David W Hogg wrote:
Perhaps this is a question for hardware folks, not devel folks, but
could someone out there tell me if the reflective, b/w mode for the
monitor will be 8-bit greyscale or 1-bit on-off pixels? I am writing
an application for the laptop, but it is *essential* that it run
completely in the reflective mode if that is possible; I need to know
if I can use "greys" or only strict "black" and "white".
It is greyscale, but not a simple 8 bit-per-pixel mode. I don't
completely understand all the details, but I do know that if you are in
monochrome mode and you write color values of different luminance, you
see different shades of gray.
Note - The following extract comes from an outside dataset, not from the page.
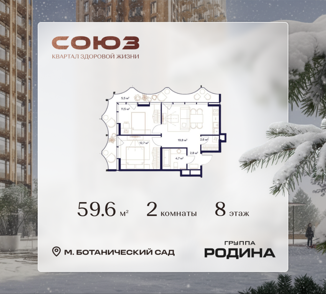 Рассрочка 0% <p> </p> Продаётся 2-комнатная квартира площадью 59.6 м² на 8 этаже в Жилом Комплексе «Союз». <p> </p> Квартал здоровой жизни премиум-класса с рекордным количеством олимпийских видов спорта: <p> </p> - Ледовая арена для хоккея и фигурного катания, - Футбольные поля для тренировок, - Спортивный зал для фехтования, - Бассейн на 6 дорожек, - Центр единоборств, - 4 крытых площадки для настольного тенниса, - 7 теннисных кортов (крытых и открытых), - 4 крытых площадки для сквоша, - Легкоатлетический стадион, - Площадки для баскетбола и волейбола. <p> </p> <p> </p> Уникальные форматы квартир с мастер-спальнями, приватными террасами, балконами, а также пентхаусы с открыточными видами на город. <p> </p> Все квартиры продаются с отделкой Shell&Core и панорамным остеклением. <p> </p> <p> </p> Расположение <p> </p> Пешком: <p> </p> - 2 мин. до парка «Сад Будущего»; - 6 мин. до ст. м. «Ботанический сад»; - 6 мин. до ст. МЦК «Ботанический сад»; - 6 мин. до парка «Леоновская роща»; <p> </p> <p> </p> На автомобиле: <p> </p> - 2 мин. до СВХ (МСД); - 5 мин. до Проспекта Мира; - 10 мин. до ТТК; - 15 мин. до Садового кольца; - 25 мин. до аэропорта «Шереметьево». <p> </p> <p> </p> Благоустройство <p> </p> - собственная спортивная инфраструктура 7 Га; - зона для пикников; - игровые и спортивные площадки для детей всех возрастов; - розарий, а также сосновые, каштановые и дубовые аллеи; - площадки под открытым небом для занятий спортом и йоги; - игровые комнаты для детей; - лаунж-зона для резидентов; - просторная переговорная для деловых встреч; - премиальный ресторан «Шабада» Сосо Павлиашвили с водными арт-объектами на прогулочной аллее, садом ароматных трав и сценой под открытым небом; - кафе, химчистки, аптеки и супермаркеты рядом с домом. <p> </p> <p> </p> Окружение <p> </p> - 8 парков: Сад Будущего, Леоновская роща, Хуамин, Главный ботанический сад РАН, Шереметьевская дубрава, Останкино, парк спорта «Яуза», пойма реки Яуза и музей-усадьба «Останкино»; - 3 ВУЗа: ВГИК, РГСУ, МГПУ; - 12 школ, в том числе: школа 1499 им. И.А. Докукина (топ 100), Brookes Moscow, IThub школа; - 18 детских садов, в том числе билингвальный ALERTUM KIDS; - один из крупнейших океанариумов Европы «Москвариум»; - один из крупнейших в Европе торгово-развлекательных центров «Европолис».

For example, you can generate a
monotonically increasing brightness ramp as follows:
a) Set the display controller to RGB565 mode (the mode that we use in
most cases)
b) With the R and B components set to 0, increment G from 0 to 63
c) With G at 63, increment B from 0 to 31
d) With G at 63 and B at 31, increment R from 0 to 31.
That gives you 128 distinct grays, which my eye can distinguish for the
most part (although the darkest 10 or so look essentially black to me).
I presume that one could improve on that by using more subtle combinations.
Also, are there *software* handles for the reflective vs transmissive
modes, or is that always controlled by hardware and/or the user?
Both the backlight and the color/monochrome modes can be controlled in
software.
You can convince yourself of all these assertions with simple tests from
the firmware (it helps to use a recent firmware release like
http://wiki.laptop.org/go/OLPC_Firmware_Q2B61 , because the logo in
versions Q2B34 and later is multicolored, so it shows the different
shades of gray).
ok stdout @ iselect
ok 0 set-color
ok 0 bright!
The "set-color" command goes into monochrome mode, while the "bright!"
command turns the backlight all the way down.
There are ways to do this from Linux, but I don't have the details handy.
Thanks very much in advance for any help you can give.
Hogg
ps. If you want to know *why* I need to work in the reflective mode:
my application is for backyard/schoolyard astronomy and we must
maintain dark adaptation. See
http://howdy.physics.nyu.edu/index.php/OLPC_planetarium
pps. Hey you Media Lab types: I was Lego Lab 1989-1992.